Transcription du témoignage de Michel FERRY du 24 décembre 1964.
« Faire le passeur était une passion. Savoir que tant de gars comme ton père, ton grand-père,
ton oncle fuyaient l’Alsace pour ne pas plier le genou devant les nazis, ça me remplissait
d’espoir et de fierté. Et puis il faut le dire, Moussey m’attirait comme un aimant. J’y étais reçu
comme un coq en pâte par plein de gens. A chacun de mes passages, j’allais chez les uns ou
chez les autres avec mes évadés. Le plus souvent a été chez le Joseph EDELBLOUTE et chez
la Joséphine BLAISON. Ton père et toute la famille, comme tu sais, ont été chez les deux.
Mais j’en ai confié aussi chez les MARCHAL de Quieux, le monmon BLAISON, l’Henri
BLAISE, les familles ODILLE, le boulanger, le boucher, les curés, le maire, les forestiers, le
chef de gendarmerie DEMALINE et ses hommes, et encore chez des autres personnes.»
« Souvent, quand mes évadés étaient casés chez l’habitant, dans le train ou dans un camion de
chez LAEDERICH ou par d’autres moyens et ben je poussais un ouf de soulagement et
j’allais casser la croûte chez les uns ou chez les autres avant de rentrer à La Claquette. C’était
souvent chez le chef de gendarmerie DEMALINE que je restais pour le repas de midi.
Je descendais aussi à Senones avec des évadés qui mangeaient et couchaient chez le Mimile
GIESY et qui partaient le lendemain par le train ou par le camion du Robert TISSERAND de
St Michel ou la gimbarde du père MOUGENOT et encore avec d’autres. A Senones j’avais
aussi un bon copain à la gendarmerie.
La gendarmerie de Moussey: c’était un gros rouage de notre filière, parce qu’ils étaient tous
dans le coup; c’est sûr qu’on avait des choses à se dire et à transmettre à chaque fois avec
DEMALINE.
Il y avait des évasions planifiées à l’avance, comme celle de ta famille. Forcément, on ne
pouvait pas lâcher dans la nature une famille entière, car elle se serait vite fait repérer. C’était
toujours plus compliqué quand on passait une famille entière, dès fois les gosses
« bouâlaient », et dans la nuit, ça s’entendait de loin». Quelques fois aussi, à Moussey, je les
confiais au chef de gare (Georges ADENOT), ou alors j’allais avec le Joseph EDELBLOUTE
et mes évadés, jusqu’à la gare d’Etival, là l’Henri LAMBERT se chargeait de mes gars et
souvent, il me prêtait son vélo et je fonçais chez le Jules FERRY à La Bourgonce juste pour
avoir des nouvelles de ceux qu’il hébergeait ou qu’il avait été planquer de droite ou de
gauche. Il allait en planquer à pied jusqu’à Bruyères et dans des patelins autour, comme
garçons de ferme.
Trois fois seulement, je me suis arrêté à la maison des Dernières Cartouches de Nompatelize.

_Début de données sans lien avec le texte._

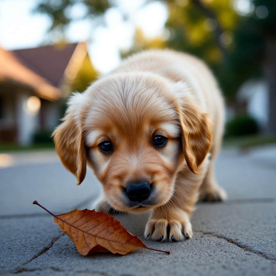 animal, cute, dog, excitement, exploration, furry, golden retriever, ground, home, joy, leaf, nature, outdoors, pet, play, playful, puppy, sniffing, sunlight, young
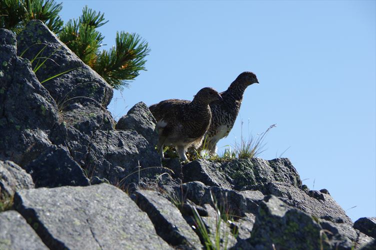 小春日和の下、雷鳥のペアが冬支度の準備
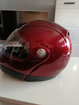 Casco de moto de la marca Mitaka en talla L. Su diseño es elegante y deportivo. - Color rojo brillante. - Visera transparente. - Interior cómodo.
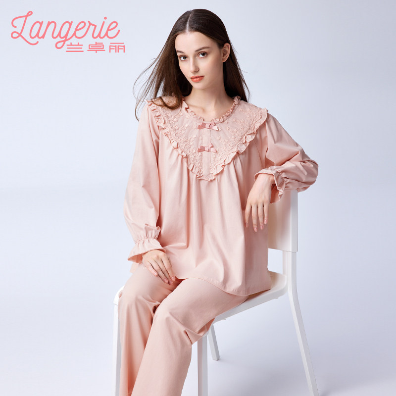 兰卓丽女士家居服上下套装A字娃娃衫上衣长袖长裤宽松睡衣春秋款
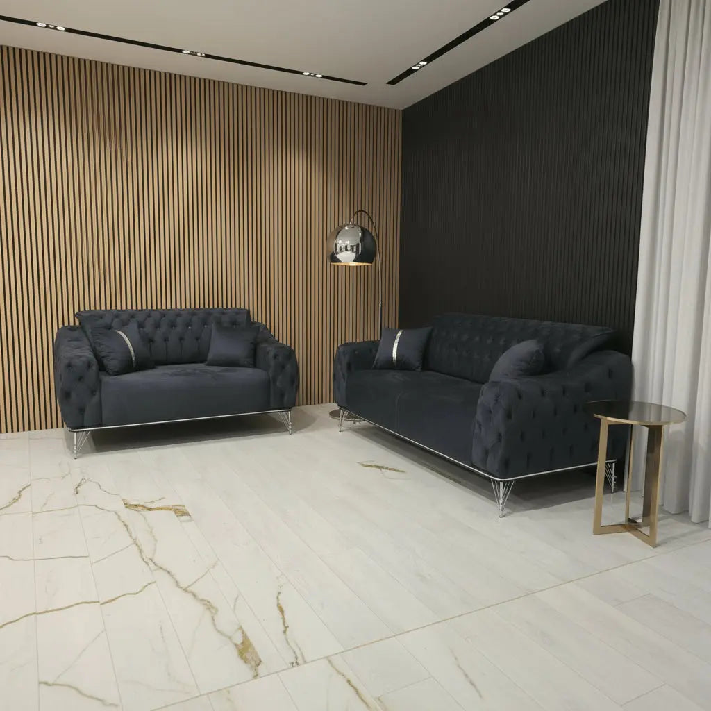 Indulge in timeless elegance and luxurious comfort with the Monalisa 3+2 Seater Sofa Set. Upholstered in soft steel velvet and accented with sleek chrome legs and detailing, this stunning sofa set blends classic sophistication with contemporary design. Perfect for both entertaining and relaxing, the Monalisa set transforms any living space into a stylish and inviting retreat.
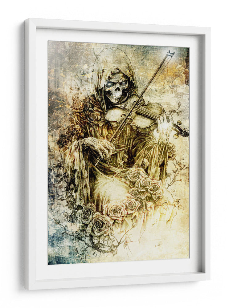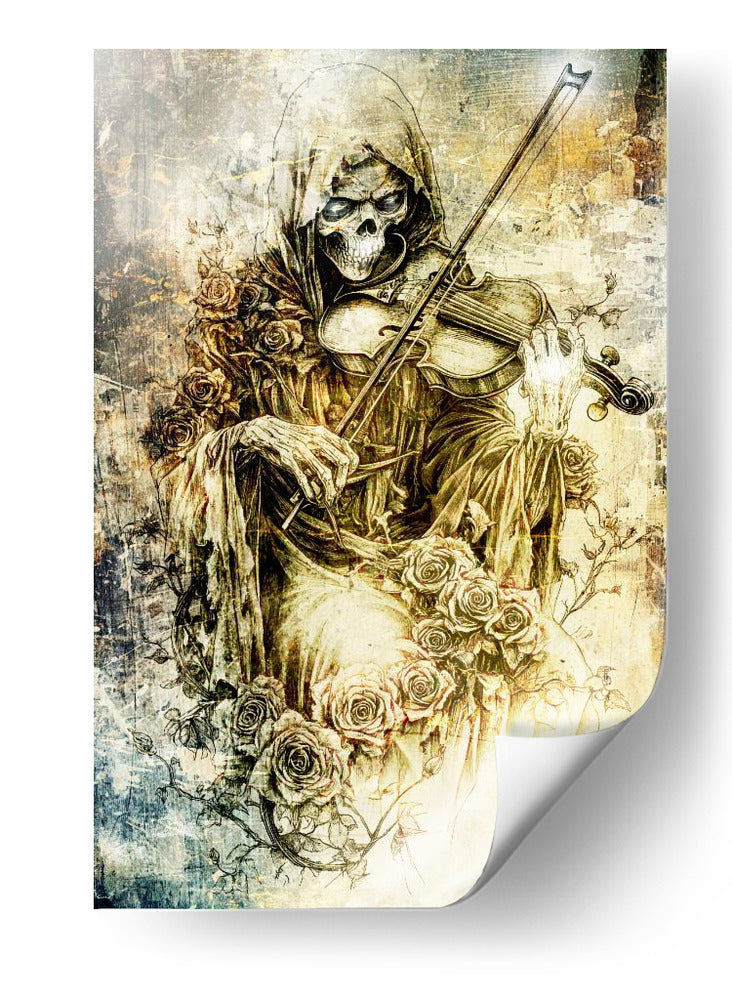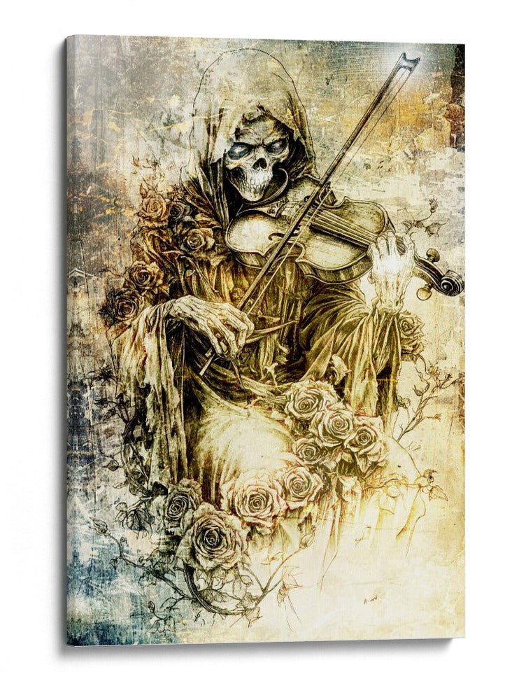 Sumérgete en la enigmática obra maestra 'Ilustración de dibujo de calavera divertida 42' del artista Rafal Kulik. Esta cautivadora pieza presenta una representación artística de la muerte tocando el violín, rodeada de una exuberante profusión de rosas detalladas. La paleta de colores, dominada por tonos terrosos, ocres y toques de azul deslavado en el fondo texturizado, crea una atmósfera melancólica y a la vez fascinante. El estilo, que combina elementos de dibujo a lápiz con una estética desgastada y casi gótica, evoca una profunda reflexión sobre la vida, la muerte y la belleza efímera de la existencia. La figura central, una calavera con detalles sombríos y ojos brillantes, contrasta con la delicadeza de las flores, generando una tensión visual intrigante. Este cuadro decorativo es perfecto para aquellos que buscan añadir un toque de misterio y sofisticación a sus espacios, ya sea una sala de estar moderna, un estudio personal o una oficina con carácter. La composición detallada y la narrativa implícita invitan a la contemplación, convirtiendo esta obra en un punto focal que sin duda generará conversación. Descubre la dualidad entre lo macabro y lo bello, una pieza que trasciende lo ordinario para adornar tu hogar con arte que inspira y perdura.

A chaque fois je n’ai vu que ta grand-mère et Pierrot, car ton grand-père et ton père étaient
toujours sur les quatre chemins en mission pour FRANCOIS et PELET et aussi pour convertir
des gens à la Résistance. Alors je ne faisais qu’entrer et sortir, j’avais pas envie de me faire
repérer.
Tu sais, c’était pas facile dans ce village, pour ta famille.
On avait une planque dans un arbre creux dans les dessus de Moussey, il fallait connaitre le
truc; nous devions escalader trois bons mètres avant d’arriver au trou. De temps en temps lors
de mes passages, j’y mettais ce que je pouvais et ce que la famille ou les voisins me donnaient
pour eux, et l’Etienne récupérait quand il pouvait. Lui aussi, tu penses, il connaissait la forêt
comme sa poche.
J’avais un passeur de courrier à Nompatelize: le Charles VOINSON qui était marchand de
cochons, il a même passé deux types dans une cochonnière jusqu’en Haute-Saône. Y en a un
des deux qu’est revenu me voir, au moins cinq ans après la guerre pour me ramener les petits
sous que je lui avais donné afin qu’il aille se planquer loin dans le centre de la France. Moi
j’avais fait une croix dessus mais il m’a rapporté mes petits sous et en plus un litre de gnôle,
et il m’a raconté le voyage avec les cochons du père VOINSON, assis dans la m…..,oui ! De
quoi être dégoûté du cochon pour le reste de sa vie.